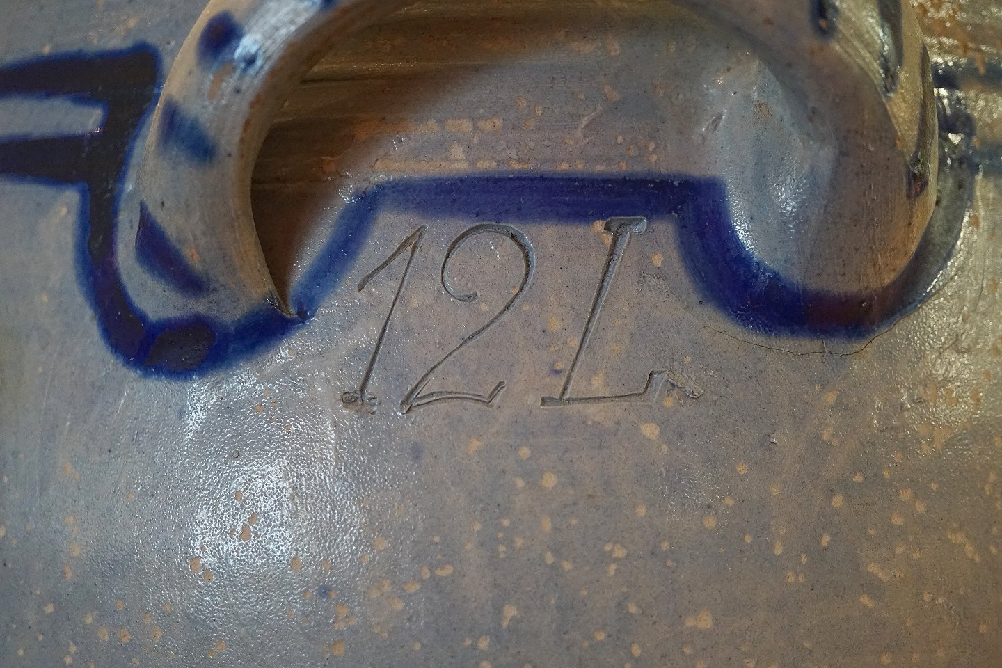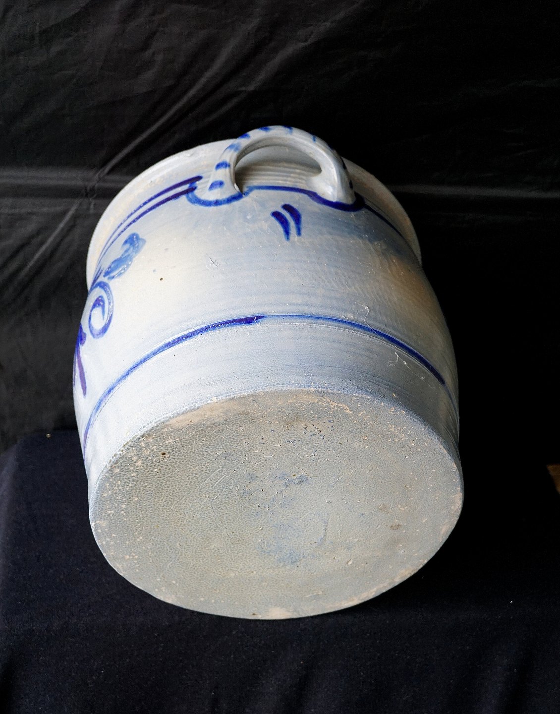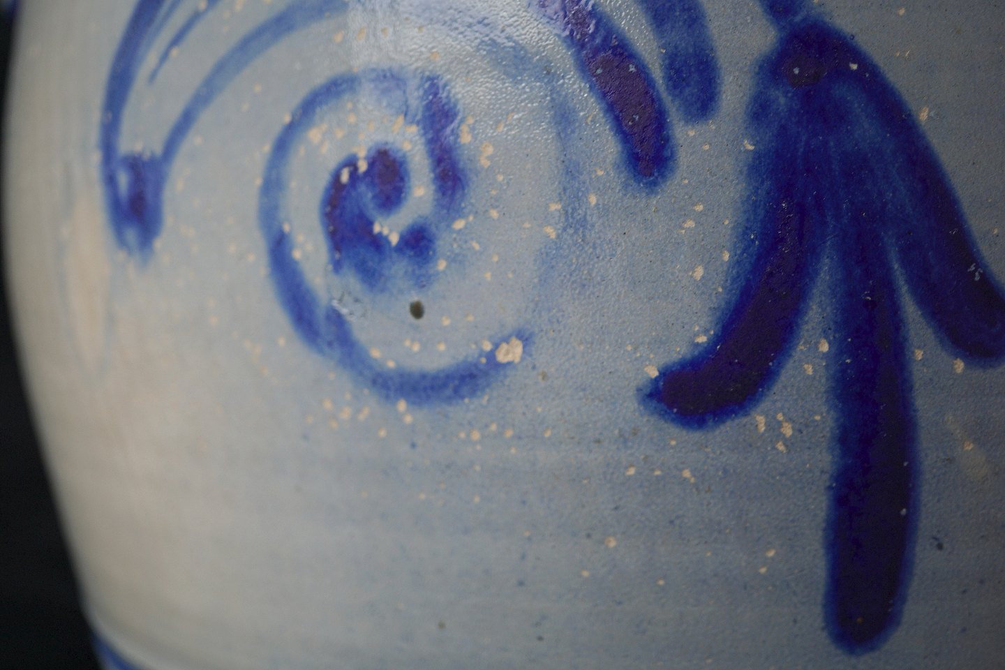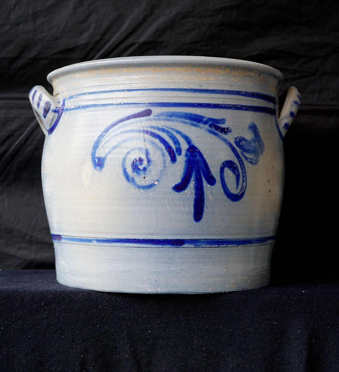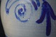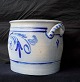 Saltglaseret gråt stentøj med blåt mønster, hollandsk syltekrukke.
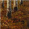 This is an original acrylic painting on canvas by Zahra, hand signed by the artist. Includes Letter of Authenticity. Measures approx. 36" x 36" (image).
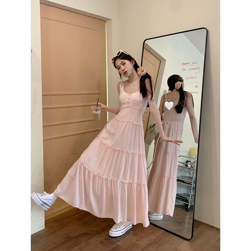 粉色吊带连衣裙女夏季新款掐腰裙小个子法式温柔风a字裙长裙

(Work item)
Go through the data above and transcribe it in full, omitting any image.

(Exercise output)
 Saltglaseret gråt stentøj med blåt mønster, hollandsk syltekrukke.
 This is an original acrylic painting on canvas by Zahra, hand signed by the artist. Includes Letter of Authenticity. Measures approx. 36" x 36" (image).
 粉色吊带连衣裙女夏季新款掐腰裙小个子法式温柔风a字裙长裙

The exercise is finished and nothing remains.